Across Belarus, Ukraine, and the four most affected areas of Russia, a significant increase in thyroid cancer has been observed, especially in children and adolescents who were 0 to 18 years old in the first days (to two months) after the accident exposed to radioactive iodine unprotected.
Between 1991 and 2005, around 6,900 thyroid cancers were identified in the population of the above areas. The thyroid cancer rate increased more than six-fold, especially in people who were younger than ten years at the time of the accident. This was obviously a direct result of radiation exposure, since thyroid cancer would hardly occur in children and adolescents without radiation exposure.

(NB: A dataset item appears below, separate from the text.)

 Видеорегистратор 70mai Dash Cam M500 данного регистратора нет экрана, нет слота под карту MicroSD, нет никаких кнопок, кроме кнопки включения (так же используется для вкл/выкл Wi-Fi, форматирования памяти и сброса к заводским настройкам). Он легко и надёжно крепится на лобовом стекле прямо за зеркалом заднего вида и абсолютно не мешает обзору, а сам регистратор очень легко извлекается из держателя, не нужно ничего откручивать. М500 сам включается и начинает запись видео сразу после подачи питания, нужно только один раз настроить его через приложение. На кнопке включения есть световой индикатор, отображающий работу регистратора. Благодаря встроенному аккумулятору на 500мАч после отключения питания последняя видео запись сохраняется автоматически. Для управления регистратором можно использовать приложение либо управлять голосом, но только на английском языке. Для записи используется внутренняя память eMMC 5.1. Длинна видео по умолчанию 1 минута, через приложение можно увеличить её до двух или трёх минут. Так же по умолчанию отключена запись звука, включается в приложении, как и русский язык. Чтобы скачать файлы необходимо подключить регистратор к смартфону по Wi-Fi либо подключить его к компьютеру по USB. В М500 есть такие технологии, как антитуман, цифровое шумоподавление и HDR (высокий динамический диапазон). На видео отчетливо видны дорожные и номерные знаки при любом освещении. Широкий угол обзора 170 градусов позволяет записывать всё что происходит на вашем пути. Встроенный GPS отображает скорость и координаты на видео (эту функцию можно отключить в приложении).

As of 2004, at least nine children have been shown to have died of thyroid cancer. Another six patients died from other causes of death. However, most patients were successfully treated for the first time by surgical removal of the thyroid gland and subsequent radioiodine therapy.
Other solid tumors
While the increase in diseases of thyroid tumors in children and adolescents is clearly related to radiation exposure from Chernobyl, which was also shown by analytical epidemiological studies, the other solid tumor diseases such as breast cancer in women have so far been less informative.

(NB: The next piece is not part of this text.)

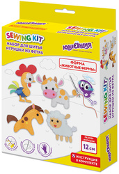 В набор для шитья входят: - Фетровые элементы, содержащие перфорацию по краям и предназначенные для сшивания 4 игрушек из фетра: петушок, корова, лошадка, овечка. - Элементы из самоклеящегося фетра, предназначенные для размещения на игрушке путем приклеивания; - Безопасная пластиковая игла; - Нитки мулине, предназначенные для сшивания элементов между собой (нить рекомендуется разделить на 2 более тонкие нити); - Наполнитель для набивки игрушки; - Подробная инструкция.

Some of these studies indicate increased disease rates. In the case of liquidators, for example, an increase in solid new cancer cases of 18 percent was observed between 1992 and 2009. However, the results of all these studies are still subject to great uncertainties and confirmation by further analytical studies is still pending. It should also be borne in mind that solid tumors can sometimes occur with a long delay of 20 years or more.
Ionizing radiation can trigger leukemia. These can appear after about two years. After the accident in Chernobyl, studies on the liquidators used there should provide information about the increased incidence of leukemia.
Although the latest studies in Belarus, Russia and Ukraine indicate an increased incidence of leukemia among liquidators, the methodological shortcomings of these studies (such as uncertainties in dose estimation and other factors not taken into account) do not allow any clear conclusions to be drawn. So far there are no indications for increased leukemia rates in persons who were exposed before birth or as children.
The liquidators showed a connection between the level of exposure and the risk of developing cataracts (cataracts). These studies also provided new insight that cataracts may occur at a dose ten times lower than previously thought (0.7 gray (Gy) versus five gray). However, a critical analysis with newer data is necessary in order to validate the results and to better estimate the risk even at low exposures.
Estimation of expected additional cancer cases
Due to the great uncertainties in estimating the level and distribution of exposure, no exact estimates can be given for the risk, but only a range that reflects the magnitude and the range of fluctuation of the risk. Accordingly, the International Agency for Research on Cancer (IARC) has estimated the number of additional radiation-related cancer cases in Europe to be 25,000, with an uncertainty range of 11,000 to 59,000.
The IARC estimates that 16,000 of these cancer cases will be fatal. Based on the exposure estimates and the established risk coefficients for radiation-induced cancer, the Chernobyl Forum (2005) assumes that the approximately 600,000 particularly affected people (200,000 liquidators from 1986 to 1987, 120,000 evacuated people from particularly contaminated regions, 280,000 residents) of the most radioactively contaminated areas), up to 4,000 additional deaths from cancer can be expected.